Electrocardiogram in lead II (Top) shows first degree AV block with inverted P wave and prolonged PR interval .28 sec and in lead V2 intermittent 2:1 AV block 15 hours after the ingestion. First degree AV block after .6 mg iv atropine administration in lead II (Middle). First degree AV block Type I Second-Degree AV block with atypical wenckebach periodicity with junctional rhythm after .6 mg iv atropine administration in lead II (Bottom)

The patient was given .6 mg of intravenous atropine sulfate which did not resolve her bradycardia, but other symptoms were improved.

Next day, the patient was given intravenous atropine sulfate. 6 mg twice a day and tablet orciprenaline 10 mg three times a day.

After three days, the patient was discharged on request, with sinus node dysfunction and varying degree AV blocks [Figure 2] but asymptomatic.

DISCUSSION

Most of the plants, including foxglove and oleander, have been identified as containing cardiac glycosides and these are oleandrin, oleandroside, nerioside, digitoxigenin, thevetin, and thevetoxin.[3] The cardiac glycosides in oleander produce more gastrointestinal effects than those in digoxin, and the symptoms range from nausea and vomiting to cramping and bloody diarrhea. Also, it causes irritation to the mucosal membranes, resulting in burning around the mouth and increased salivation. Confusion, dizziness, drowsiness, weakness, visual disturbances, and mydriasis are central nervous system manifestations of toxicity.[4]

The most serious side effects of oleander poisoning are cardiac abnormalities, including various ventricular dysrhythmias, tachyarrhythmias, bradycardia, and heart block.[2] Electrocardiography often reveals an increased PR interval, a decreased QRS-T interval, and T wave flattening or inversion. It is thought that these clinical manifestations are the result of both increased vagotonia and direct cardiac glycoside toxicity.[3]

The treatment of oleander poisoning is empirically based on the treatment of digitalis-glycoside toxicity and consists of supporting the patient hemodynamically. This may include administering atropine for severe bradycardia; using phenytoin or lidocaine hydrochloride to control dysrhythmias; placing a temporary venous pacemaker; or electrical counter shock and administering digoxin-specific Fab antibody fragments (Digibind).[4]

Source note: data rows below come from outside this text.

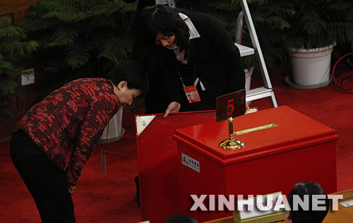 3月16日,十一屆全國人大一次會議在北京人民大會堂舉行第六次全體會議。決定國務院總理人選;決定中華人民共和國中央軍事委員會副主席、委員人選;選舉最高人民法院院長;選舉最高人民檢察院檢察長。這是代表們在查看選票。 新華社記者楊宗友 攝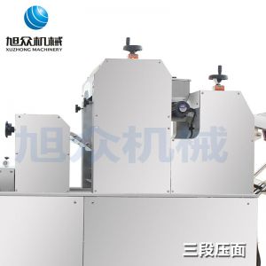 旭眾牌SZ-09C多功能三段酥餅機采用三段漸進式打薄再將面皮壓成合適的厚度。由自動出餡機將餡料充填至面皮上,經卷面輪將面皮卷成圓柱狀,最后以成型刀具切割成球狀。長條狀餅胚,整個成形過程不會破壞面皮筋性,保持手工原味。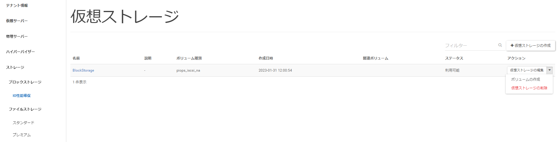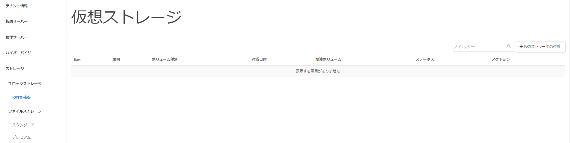 メニューリストの中から[ブロックストレージ]>[IO性能確保]と遷移し、[仮想ストレージの作成]をクリックします。

Other treatment methods are aimed at removing the toxic substance from the stomach by emesis. Special concern must be given to a patient with bradycardia before emesis is induced because of the possibility of a vagal reaction and worsening of the bradycardia. Unabsorbed glycosides may be bound to some extent, depending on the particular glycoside, by various binding agents in the gut. These agents theoretically should be more effective in absorbing less polar glycosides, such as digitoxin, than the more polar glycosides like digoxin (for example, cholestyramine resin and colestipol). The use of these agents is not thought to have substantial value in the treatment of advanced toxicity, and they were not used in our patient.[6] Activated charcoal has been shown to be useful in preventing further absorption of the cardiac glycosides by interruption of the enterohepatic circulation of the glycoside, but it was not used in our patient because she was brought after 15 hours of ingestion of the toxin and due to the unknown status about the enterohepatic circulation of oleander’s glycosides.[6]

CONCLUSION

It is interesting that oleander poisoning can be fatal with relatively small amounts ingested. Osterloh and associates calculated the lethal oleander leaf dose of their patient to be approximately 4 gm.[3] Practicing physicians should understand the potential lethal properties of oleander and its availability throughout the world.